Prejudice much?

I’m on residency in Corris, Wales, a village of 700 people on the edge of Snowdonia National Park. It’s my second tour here. In the summer of 2016, I was lucky to get my very first residency in this gorgeous place.

But it wasn’t easy then. Several residents worried about me as an American. For a few days, they gave me a wide berth. I found them at the pub one night, and being gregarious, sat down and started chatting.

Near midnight, one of them said, “Let’s go back to the residency and continue this conversation.”

And for the next two hours, I was quizzed about how many guns I have (because every American has at least one.) I was asked how many times I’ve been shot at in my life. Was I afraid to walk down the street because of shootings?

And when we moved on from guns, I was queried in great detail about our abominable for-profit healthcare system.

We switched to the impending presidential election, where I made very wrong predictions about the outcome.

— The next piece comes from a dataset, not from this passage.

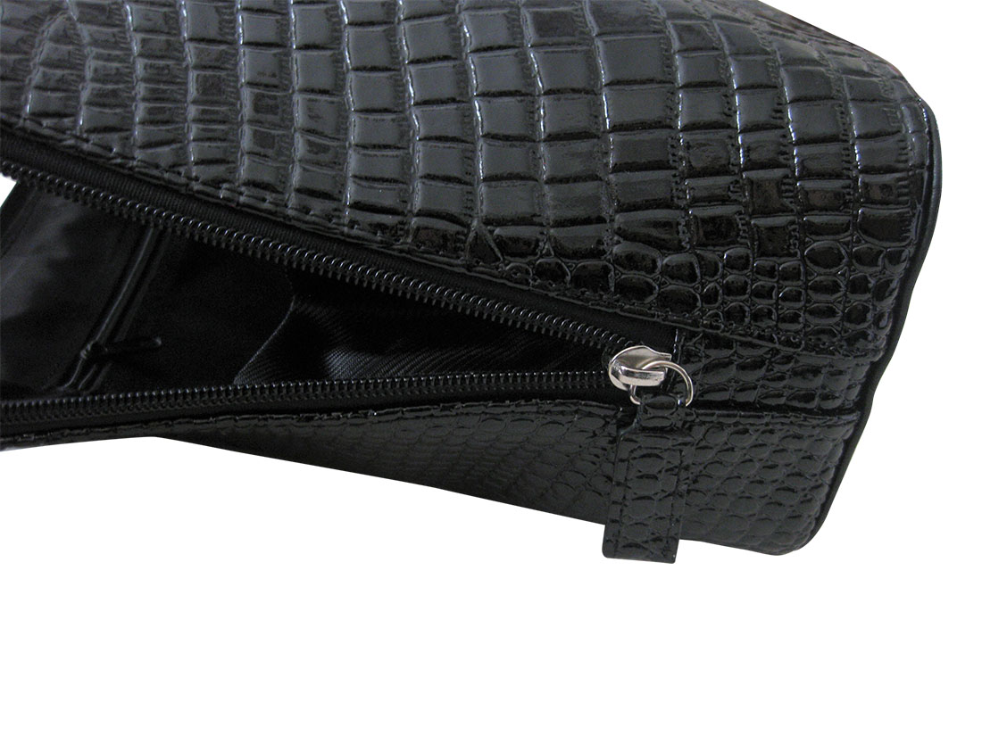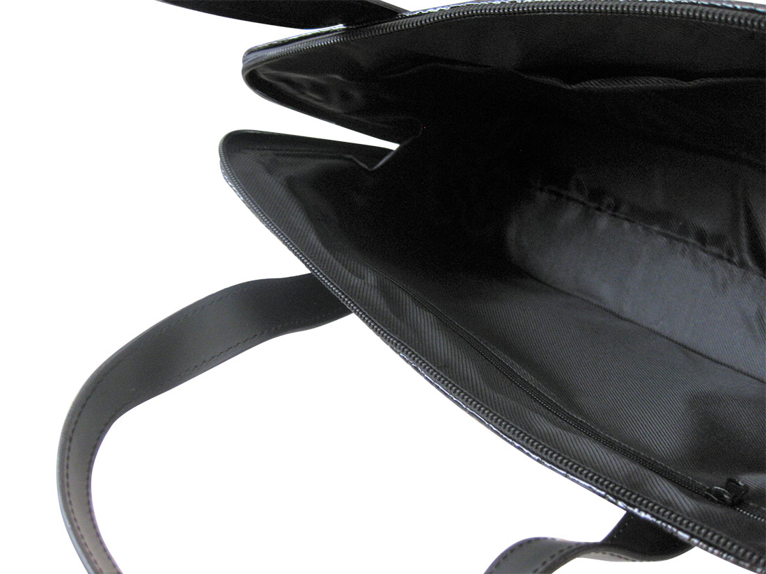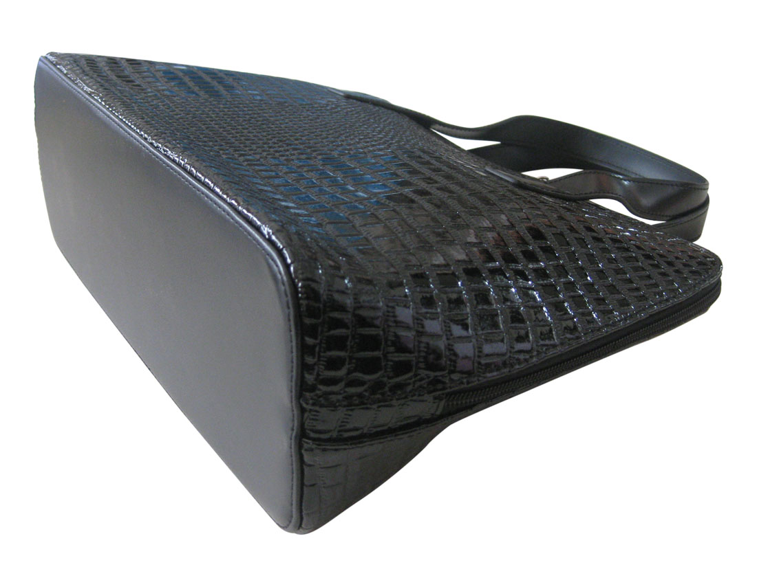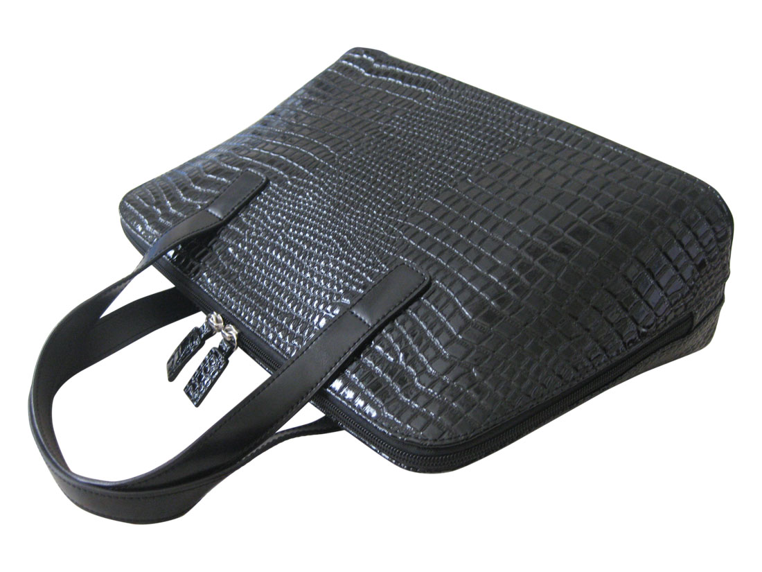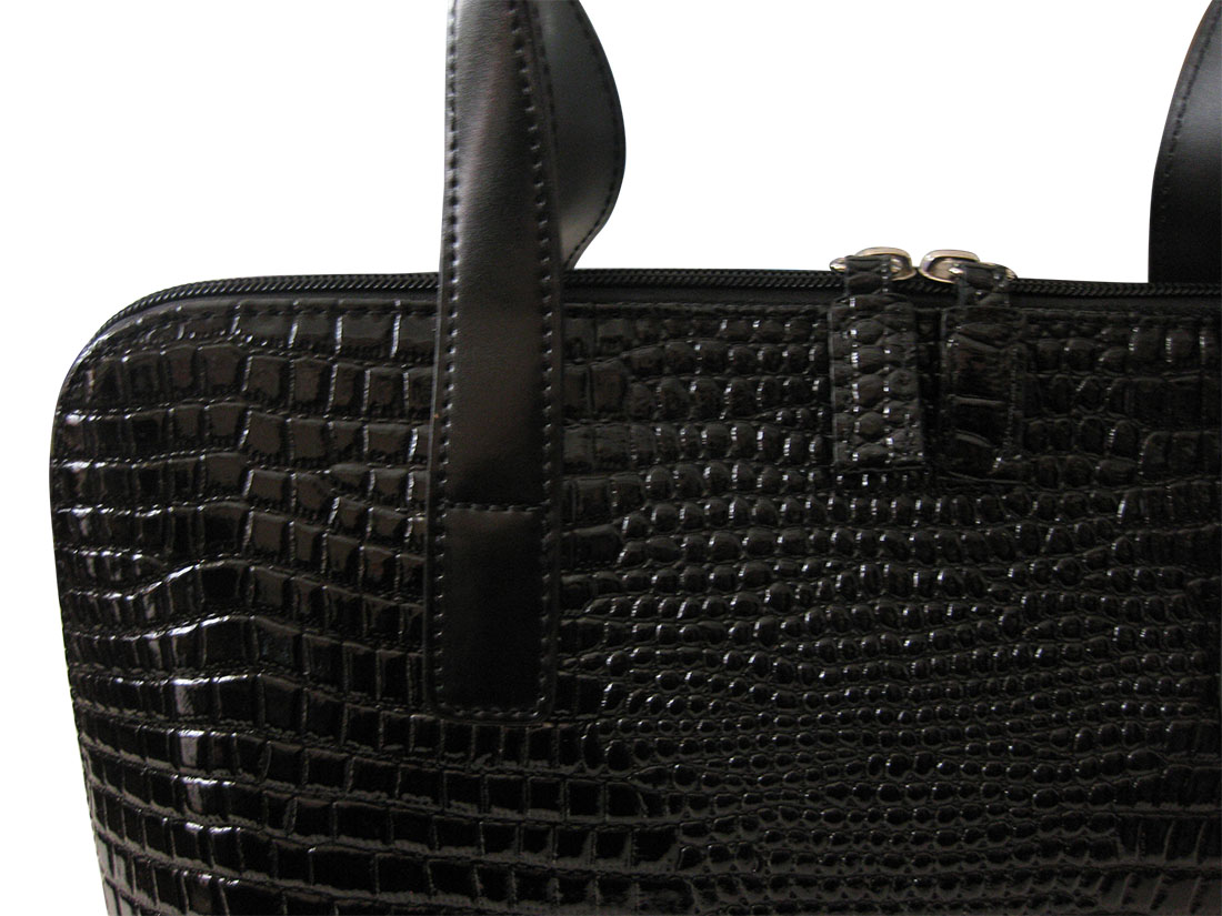 牛革にクロコダイル型押しが施されたハンドバッグ。

I’m still friends with both of those lovely women. They’d not met many Americans in their travels. Naturally, their opinions were formed by movies, the news, and tv shows depicting Americans giving ridiculous answers to questions on the street. Because of our interaction, they came away with a transformed view of Americans.


Before I came on this residency, several people in my life questioned why I wanted to spend time overseas. “It isn’t safe,” several said. “I don’t want to expose myself to people I don’t agree with,” said another. “I like America and my life. Why do I need to see anything else?” Was another common theme.

Look at the map in the picture. As I was leaving a bakery in the Welsh village of Dolgellau, I was chased into the street by someone who worked there. No, I didn’t leave without paying my bill.

He held a box of pushpins. “As you were leaving, it sounded like you weren’t from around here. Would you stick a pin in the map to show where you’re from?”

My friend Karen and I both took a pin. Mine was the first from Charleston, that big ole knob of red on the coast. Karen made room to stick hers in New Jersey, in awe of how many people from that part of America have been here.

But this picture says a lot about America. We travel to make ourselves uncomfortable on purpose, to push ourselves to see things from other points of view, to blur our imaginary lines, to stretch ourselves, to be more accepting of others, to shine lights on things we need to work on within ourselves, to fill our creative tanks.

Look at where the pins are, and where they AREN’T. I’m not surprised this map is pinned this way. Not one bit. And it makes me very, very sad. The world is a delicious playground full of unforgettable, poignant experiences. Why do so many people fear it?